Simulation of pyrite oxidation in fresh mine tailings under near-neutral conditions

Sulphidic residual products from ore processing may produce acid rock drainage, when exposed to oxygen and water. Predictions of the magnitude of ARD and sulphide oxidation rates are of great importance in mine planning because they can be used to minimize or eliminate ARD and the associated economic and environmental costs. To address the lack of field data of sulphide oxidation rate in fresh sulphide-rich tailings under near-neutral conditions, determination and simulation of the rate was performed in pilot-scale at Kristineberg, northern Sweden.

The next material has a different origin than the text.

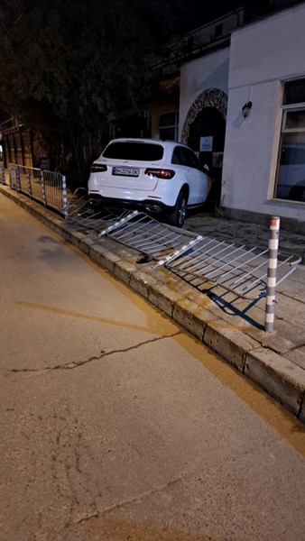 "Мерцедесът" е прегазил метални ограждения и се е качил на тротоара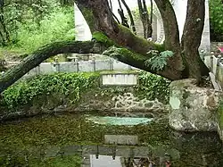 Travelers and tourists are drawn to the Butterfly Spring in Dali because of the film Five Golden Flowers. Butterfly Spring is situated at the foot of Shenmo Mountain (the first peak of the Cang Mountain) in Yunnan Province, 27 kilometers in the south of Dali ancient city. It covers an area of 50 square meters. Butterfly Spring was turned into a park in 1978, and in 1982 "the Dali Municipal Development Committee invested four million yuan (US$1.3 million at the official exchange rate, approximately US$400,000 at unofficial rates) to develop the park into a tourist site."[17] The park was designed to mirror the famous Butterfly Spring scenes in Five Golden Flowers, which were shot at a studio in Changchun rather than on location. An ancient tree branch above the pool had served as the model for the tree branch behind Jin Huan in the film when she sings by the Butterfly Spring. After the ancient tree died, a fiberglass branch "covered with real bark" was constructed to match the setting of the film.[17]

The quality of the drainage water was monitored, along with oxygen and carbon dioxide concentrations. The chemical composition of the solid tailings was also determined. The field data were compared to predictions from simulations of pyrite oxidation using a 1-D numerical model. The simulations' estimates of the amount of Fe and S released over a seven year period (52 kg and 178 kg, respectively) were in reasonably good agreement with those obtained by analysing the tailings (34 kg and 155 kg, respectively). The discrepancy is probably due to the formation of secondary precipitates such as iron hydroxides and gypsum; which are not accounted for in the model. The observed mass transport of Fe and S (0.05 and 1.0 kg per year, respectively) was much lower than expected on the basis of the simulations and the core data. Neutralization reactions involving carbonates in the tailings result in a near-neutral pH at all depths except at the oxidation front (pH < 5), indicating that the dissolution of carbonates was too slow for the acid to be neutralized, which instead neutralized deeper down in the tailings. This was also indicated by the reduced abundance of solid Ca at greater depths and the high levels of carbon dioxide both of which are consistent with the dissolution of carbonates. It could be concluded that the near-neutral pH in the tailings has no decreasing effect on the rate of sulphide oxidation, but does reduce the concentrations of dissolved elements in the drainage water due to the formation of secondary minerals. This means that sulphide oxidation rates may be underestimated if determined from drainage alone.